4 thoughts on “The Most Powerful People in Food: Not Farmers

  1. You nailed it! We, as producers, need to be seen farming, we need to be heard sharing about this culture of agriculture and we need to be seen as innovators, best practice keepers and the ones with dirt under our nails and chaff in our hair and manure on the boots. Excellent piece. Will be sharing!

  2. After reading the article by The Daily Meal a couple ideas came to mind. I was reminded of my university microeconomics class, food is driven by supply and demand. Farmers are supplying what is being demanded by the consumer. If all of these people on the list are influencing what consumers are buying then maybe they do deserve to be titled as a powerful person in food.
    However, I agree 100% that farmers need to share their story to become stewards and lobbyists of food production. Education will bring forth better understand of the science behind production practices and could bring some transparency to farming. Maybe then The Daily Meal would understand a little more about where their food comes from.

  3. What would it take to make farmers the most powerful people in food? If they stopped producing it, i.e. went on strike. THEN they’d hold ALL the power! 🙂

  4. From 2002 to 2008, Leger Marketing did an annual poll on the most trustworthy professions in Canada (2008’s was done in-house because its five-year sponsor money had run out). In all seven years, farmers ranked in the top three (reporters held less than 50 per cent of the public trust at least one of those years and politicians ranked near or at the bottom in all seven years). In 2010 Reader’s Digest unveiled its twist on that poll -the Top 50 Trusted Canadians, and it was just was a popularity contest (RD gave those surveyed a list of 50 Canadians and respondents put them in order from 1 to 50 -wow!!). In 2011, RD added the most trusted professions, and farming wasn’t on the list.

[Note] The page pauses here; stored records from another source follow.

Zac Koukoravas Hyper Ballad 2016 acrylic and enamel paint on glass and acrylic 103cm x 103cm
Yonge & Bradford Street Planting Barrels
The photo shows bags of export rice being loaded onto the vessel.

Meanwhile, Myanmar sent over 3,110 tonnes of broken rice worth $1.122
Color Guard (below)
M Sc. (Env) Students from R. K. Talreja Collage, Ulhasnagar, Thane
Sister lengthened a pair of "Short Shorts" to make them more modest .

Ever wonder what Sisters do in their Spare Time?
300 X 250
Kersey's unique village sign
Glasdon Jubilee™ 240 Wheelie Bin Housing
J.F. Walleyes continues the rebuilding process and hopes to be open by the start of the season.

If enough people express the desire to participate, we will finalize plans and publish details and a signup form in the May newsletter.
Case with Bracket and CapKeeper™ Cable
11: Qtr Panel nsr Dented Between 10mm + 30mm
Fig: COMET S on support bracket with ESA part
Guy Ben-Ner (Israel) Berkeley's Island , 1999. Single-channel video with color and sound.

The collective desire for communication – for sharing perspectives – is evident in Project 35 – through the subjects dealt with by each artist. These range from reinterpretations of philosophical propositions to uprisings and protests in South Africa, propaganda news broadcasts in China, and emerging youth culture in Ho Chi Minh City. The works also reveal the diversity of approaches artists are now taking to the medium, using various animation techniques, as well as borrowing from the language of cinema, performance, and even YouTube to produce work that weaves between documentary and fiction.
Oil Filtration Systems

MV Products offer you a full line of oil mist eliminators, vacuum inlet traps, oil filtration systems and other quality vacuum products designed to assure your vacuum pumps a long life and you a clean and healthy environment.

    In our social media-saturated, internet-dependent “of-course-it’s-all-about-me!” world, you can say, “I’m a farmer,” and people are likely to say, “Well then, I want – this, and this and this.” -without necessarily thinking of whether our farmers can even grow strawberries in winter.

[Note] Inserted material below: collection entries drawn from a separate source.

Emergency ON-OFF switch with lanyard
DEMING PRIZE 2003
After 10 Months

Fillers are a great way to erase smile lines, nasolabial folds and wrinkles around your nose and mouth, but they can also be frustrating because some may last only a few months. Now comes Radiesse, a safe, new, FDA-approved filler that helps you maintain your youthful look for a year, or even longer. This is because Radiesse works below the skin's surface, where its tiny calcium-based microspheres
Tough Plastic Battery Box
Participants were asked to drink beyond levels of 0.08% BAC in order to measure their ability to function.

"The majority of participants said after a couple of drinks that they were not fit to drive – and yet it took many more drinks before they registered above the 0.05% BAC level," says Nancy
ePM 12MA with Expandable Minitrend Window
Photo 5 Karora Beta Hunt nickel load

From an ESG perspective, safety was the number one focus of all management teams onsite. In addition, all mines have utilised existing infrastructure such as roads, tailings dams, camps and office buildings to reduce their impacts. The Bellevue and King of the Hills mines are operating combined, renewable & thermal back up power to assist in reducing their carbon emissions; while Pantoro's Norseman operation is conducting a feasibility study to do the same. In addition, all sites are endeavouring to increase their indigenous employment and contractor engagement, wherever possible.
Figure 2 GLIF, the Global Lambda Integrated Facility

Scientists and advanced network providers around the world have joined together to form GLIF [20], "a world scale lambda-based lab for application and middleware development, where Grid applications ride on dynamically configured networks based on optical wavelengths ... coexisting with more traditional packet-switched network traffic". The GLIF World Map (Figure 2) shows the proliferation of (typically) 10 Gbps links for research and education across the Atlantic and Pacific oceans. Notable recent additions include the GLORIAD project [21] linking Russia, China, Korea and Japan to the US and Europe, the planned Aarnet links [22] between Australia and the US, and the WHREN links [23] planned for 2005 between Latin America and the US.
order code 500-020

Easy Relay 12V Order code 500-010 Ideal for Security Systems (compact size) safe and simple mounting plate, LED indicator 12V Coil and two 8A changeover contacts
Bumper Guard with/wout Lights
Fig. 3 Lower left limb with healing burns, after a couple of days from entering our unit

    In spite of all available information and resources, the average Canadian has less knowledge (and I’ll say, “they care less”) about modern agriculture. It isn’t price dependent or whether it’s organic, it’s attempting to separate the plausible from the impractical. Can we grow apples in Canada? Of course, but thanks to government trade policies, we’re inundated with product and concentrates that are dumped on us by Washington State and China, respectively. It’s grasping that we don’t need 100,000 acres of heritage tomatoes -because there isn’t the domestic demand, the export markets, or the processing facilities, to warrant such production.

    The disconnect between farming and the rest of society will continue because the average Canadian sees corn only as “sweet corn” when he/she looks at a field of grain corn. If they learn that that field of corn is heading to Casco to become starch, it becomes a matter of “but who will grow *my* sweet corn?”

    “What about me? It has to be all about me!”

    It’s for this reason, Lyndsey that most of the consumer influence is misguided. Show me that they understand how weather influences farm production -something that David Phillips is unable to show me -or understands the different uses for wheat (I actually had an MBA and an MD ask me if wheat’s used for human consumption!) -and I’ll start listening to what the average consumer thinks about agriculture (won’t even go near letting them have a say on modern farming practices, though).

    ‘Til then? Consumers should just stay out of the way; it’s better for everyone.